Writtle 2013 Annual Report and Accounts

Chairman’s statement

I am pleased to present Writtle’s accounts for 2013. We achieved another excellent result as Writtle continued to benefit from organic growth and acquisitions, as well as the disposal of non-core operations.

Results and dividends

Turnover from continuing operations was £78.80m (2012: £75.20m) and operating profit from continuing operations was £4.97m (2012: £4.01m). Additional profits on exceptional items of £1.19m were derived from the sale of discontinued operations and contributed to overall profit before amortisation and share-based payment charges of £5.91m (2012: £5.45m) and profit before tax and minority interests of £5.93m (2012: £3.60m)

Writtle’s year end net debt was reduced by £4.11m to £7.58m (2012: £11.69m) reflecting proceeds from disposals and good cash conversion.

The directors are recommending a final dividend for 2013 of £405,000 (6.00p per share) to ordinary shareholders making a total of £586,000 (8.75p per share) for the year (2012: £509,000 being 7.75p per share). Subject to shareholders’ approval, the dividend will be paid on 30 May 2014 to shareholders on the register on 26 March 2014.
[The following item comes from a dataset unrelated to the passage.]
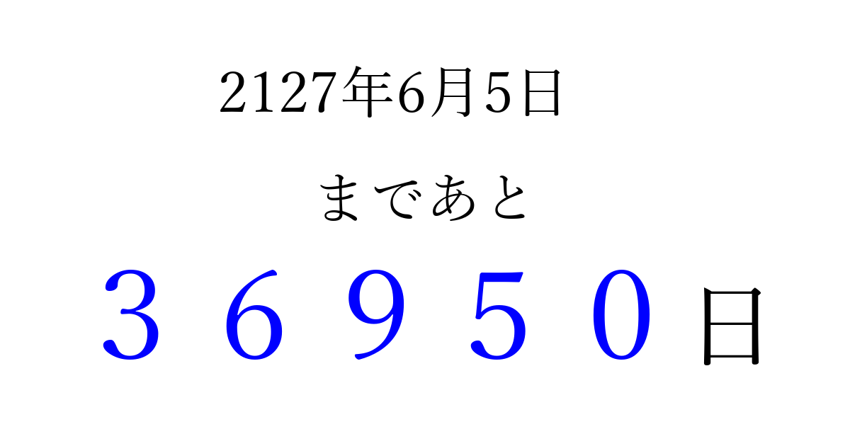 2127年6月5日(木)まで あと 99999 日です 追加すると、トップページからすぐ選べるようになります ※2026/04/05現在の結果です。 最新の状態に更新する ↓シェアして、タイムライン上にカウントダウンを表示しよう!↓ 📤 この結果を共有する Tweet シェア Threads Bluesky 別の日付でカウントダウン 2127年6月のカレンダー このページをブックマークに追加すると、いつでもカウントダウンを確認できます。 (PC: Ctrl+D / Mac: ⌘+D) hitome-notes.comでは以下のページも運営しています。 指定日と期間から日付を計算 | ガチャ確率計算・シミュレーション | プライバシー・ポリシー 運営者:Avocado

Principal activities and review of business

Writtle invests in media and marketing communications businesses with the aim of creating a substantial international marketing group. Writtle’s model continues to be based on equity involvement and decentralised growth. Whether a group company was a start-up or acquired, Writtle will typically hold a majority shareholding alongside management which creates a motivational structure. Writtle looks for businesses in the media and marketing communications sector which can demonstrate potential for further growth either organically or by acquisition, and where Writtle can add value through its experience or by funding further expansion. Growth opportunities are typically identified by operating company management rather than dictated by the centre, although when larger opportunities have been identified, as Loewy Group was in 2011, we have integrated the individual companies into Writtle by dismantling any central head office and marketing function and instead promoted the individual company brands. Alongside this decentralised approach comes a re-incentivisation package for operational management through the opportunity to purchase equity on favourable terms in their companies, and participation in share option schemes in Writtle. This creates a lean head office structure as well as considerable incentives for management in their individual companies and the group as a whole. A short review by operating company follows this section, each written by its directors. Each operating company has its own unique style and apart from overlaying similar financial controls, Writtle encourages individual company autonomy and identity.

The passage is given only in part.